The bulk of the play consists of a sort of masculinity contest between two young businessmen, Bill and Frank. And when I say contest I mean it literally: this is a competition, divided into rounds, in which each man tries to raise his status at the expense of the other in the fields of sex, business, personal dress, etc. The contest is officiated by a young woman in a swimsuit who sits in a lifeguard chair and makes the calls—the winner of each round gets to direct a short, self-justifying monologue to the audience. As the game proceeds, facts about the men’s lives and their boyhood pasts together are revealed with increasing detail, building up to a general indictment of modern manhood.
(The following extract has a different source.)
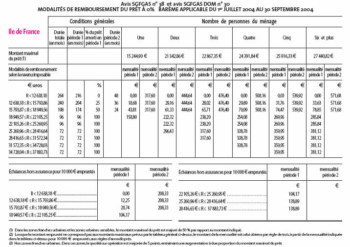 Les modalités de remboursement du prêt à taux zéro font l'objet chaque trimestre d'un avis de la Société de Gestion du Fonds de garantie de l'accession sociale à la propriété (SGFGAS). Les avis du SGFGAS publiés ci-après donnent les barèmes applicables du 1er juillet au 30 septembre 2004. Rappelons que la date de référence est celle de l'offre de prêt émise par l'organisme prêteur.

If this sounds like a lot of concept, it is; and that’s about all it is. The play is heavy on structure, light on depth. There’s no context, no impetus for this struggle, except that the play calls for it. The only thing we really find out about the characters in this dramatic neverland is that one’s a failure, the other’s a success, and both are schmucks. The piece’s formal playfulness can’t mask a soulless knee-jerk misanthropy reminiscent of Neil LaBute—and just because it was written before LaBute’s rise to fame doesn’t make it any better.
I have to admit this is a shame, because I liked the acting and direction almost as much as I disliked the script. Amos Crawley and Dustin Olson are good actors, and though I found them more believable as good actors than as the cynical back-slapping (and -stabbing) automatons the script calls for, their general likeability and technical skills (especially during some of the play’s athletic bouts of stylistic repetition) make the bitter pill go down a bit more smoothly. Jennifer Laine Williams, in the utterly thankless female role, makes you wish she had more to do than repeat the same few lines and blow a whistle every now and again.
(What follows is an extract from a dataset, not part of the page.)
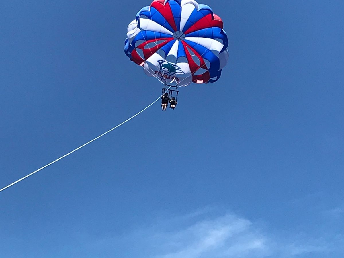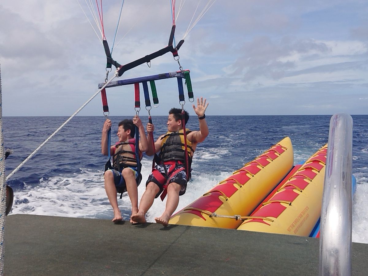 パラセーリングは、あっという間に終わってしまいましたが総じて最高でした。かたことの日本語が通じる外国人のスタッフさんに冗談を交えて会話をしてもらいながら、親+子のペアで飛ばせていただきました。(事前に説明がなかったのですが、子供はペアで飛ぶのが決まりなのかなと思い、従いました)

The evening’s curtain-raiser, This Is a Play is a bit more amusing, if only because it’s content to be a simple entertainment. Employing a facile meta-theatrical conceit (the actors toggle back and forth between speaking their lines and subjectively describing their actions and feelings while doing so), the script occasionally manages to cut through its postmodern trappings and get off a few decent zingers at the expense of pretentious self-serving theatre folk—though that stereotype is in itself a cliche on par with the hoary Tennessee Williams parody that constitutes the play-within-a-play (think “The Lettuce Tattoo”). Again, the whole affair is offset by a fine cast (Esther Barlow, Lori Lane Jefferson, and Robin Mervin), whose graceful comic aplomb is more than the material deserves.
Throughout the whole evening, I found myself impressed with the well-oiled production put together by director Jason Fraser. His pacing and stage imagery are spot-on, every line and movement taut and precise. I’d be thrilled to see what his exacting approach does for material that has assets to enlighten, rather than flaws to expose.